Sophisticated hedonism:
That loving knowledge for its own sake is pleasure-conducive
justifies love of knowledge, but it is not a feature for which we can
love knowledge for its own sake.
Mental-state axiology:
The intrinsic features of our pro-attitude towards a non-mental
object x that provide reasons for that attitude, do not appear in its
intentional content as the features for which we favour x.
The Demon Strikes Back
(Folke Tersman’s objection)
The demon now is determined to punish us unless we admire
him, for his own sake, precisely for his determination to punish
us unless we admire him in that way.
The dual-role requirement is satisfied:
The demon’s determination to punish us unless …
justifies our admiration
and
it is the feature on account of which he is to be admired.
But the reason that feature provides still is of the wrong kind.

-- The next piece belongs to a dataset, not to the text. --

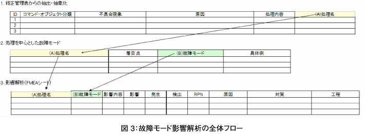 1つ目の表へのインプットは、不具合管理表や修正管理表です。また、3つ目が故障モード影響解析の結果になります。一般に故障モード影響解析と呼ばれる技法では、3つ目の表が得られた時点で作業は終了します。ここでは、得られた故障モード影響解析表をもとにこれから開発するソフトウエアにどうやって活用していくかについても紹介します。イメージとしては、過去の不具合管理表をもとに、これら3つの表を作りながら、起こりがちな不具合、起こる場所、優先度を決め、3つ目の表を得ます。3つ目の表の内容を使って、これから開発するソフトウエアでも起こりうる内容か、起こるとするならばどの機能や工程で防げるかを明らかにします。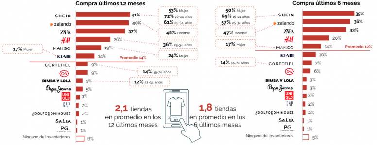 Trend Seekers (42%). Buscan las marcas que ofrecen las últimas tendencias en moda, así como buenos precios. Este perfil, está formado mayoritariamente por mujeres con una media de 39 años. En general, es un perfil muy activo en internet y en redes sociales, por lo que el ordenador y el móvil son los dispositivos favoritos para realizar sus compras. El ticket medio de este perfil es de 80€, siendo superior a la media y con mayor tipologías de productos de moda. Zara y Shein son las tiendas de referencia para este perfil que prefiere comprar en tienda física, por lo que valoran que las marcas tengan venta offline y online.

It doesn’t makes the demon better.
Solution 5: A sui generis deontic concept
Back to Ewing’s concept of fittingness,
but now interpreted as a deontic concept sui generis,
distinct from the ordinary ’ought’.
It is unfitting to admire the demon, even though he ought to be
admired, given the circumstances.
Problem: A circularity threatens.
That a pro-attitude is fitting maybe just means that this attitude
is adequate to the object’s value?
(Similar problem with the proposal by Danielsson & Olson, in
Mind 2007, which relies on Brentano’s notion of correctness.)